Okay, so I WAS going to diary chronologically, but realized that would limit me too much...and give me an excuse to avoid what I am currently being to address.

I saw a show today about Alaskan police while trying to do some desensitization toward police. All was going well until a domestic violence call and response was being shown.

Dang it!! Fireworks just went off again while I was typing this! Deep breath.

I am going to share the flashback...I AM.

I came home from work and see my son in the playpen, but am unsure where my unemployed husband is. It is a small apartment so it doesn't take me long to see the laundry room door is closed. I wonder if my husband has killed himself, he had attempted it before. I'm afraid of what I may find. I find the door locked. I get on my stomach to look under it and can see my husband sitting on the floor rolling bullets toward the pilot light of the water heater. I ask through the door if he's is okay, is there something I can do to help. His answer to my question is to load his 30 aught 7 with a bullet and cock the gun. (To this day, that sound sticks in my mind.)

I start trying to convince him to put down the gun. He slams open the door, shoves me against the kitchen cupboards, grabs our six month old son out of the playpen, and locks himself and our son in the bedroom.

My fear kicks in and all I can focus on is my baby! I am in fight mode and angry now. I run at the door and smash my shoulder into it splintering open the door from its frame. It surprised my husband long enough for me to grab my son and escape from the apartment. Thankfully a neighbor in the four plex had heard the noise. They invited me in and called the police for me. The officer, calmly explained what was going to happen, but I still was frightened. A SWAT vehicle pulled up and many police surrounded the neighborhood.

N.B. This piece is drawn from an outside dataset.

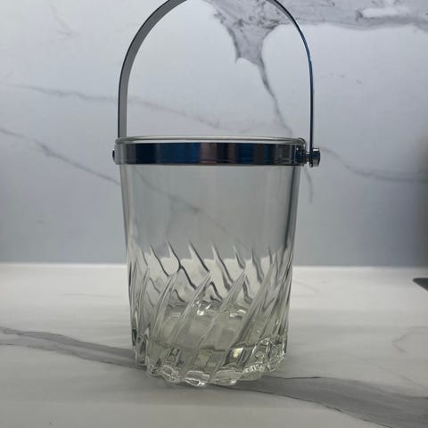 Egyptistä tuotu tukeva maljakko sinistä lasia, jossa on kullan väriset koristeraidat. Korkeus 21,5 cm. Nouto sopii hyvin.

I heard the thumping up the stairs and the pounding on the door. I heard the police yell at him to put down his weapon. I started to doubt myself as distorted as the thinking was. The police took him to the hospital where my husband voluntarily admitted himself to a psychiatric hospital for evaluation.

He was hospitalized for three weeks then released when insurance said he needed to be. He returned home to me more depressed than when he had left due to the huge hospital bill. I tried to be the supportive wife. He chose to turn to self medicating. Yet, I stayed with him for another five years doing the best to be supportive with the knowledge I had at the time.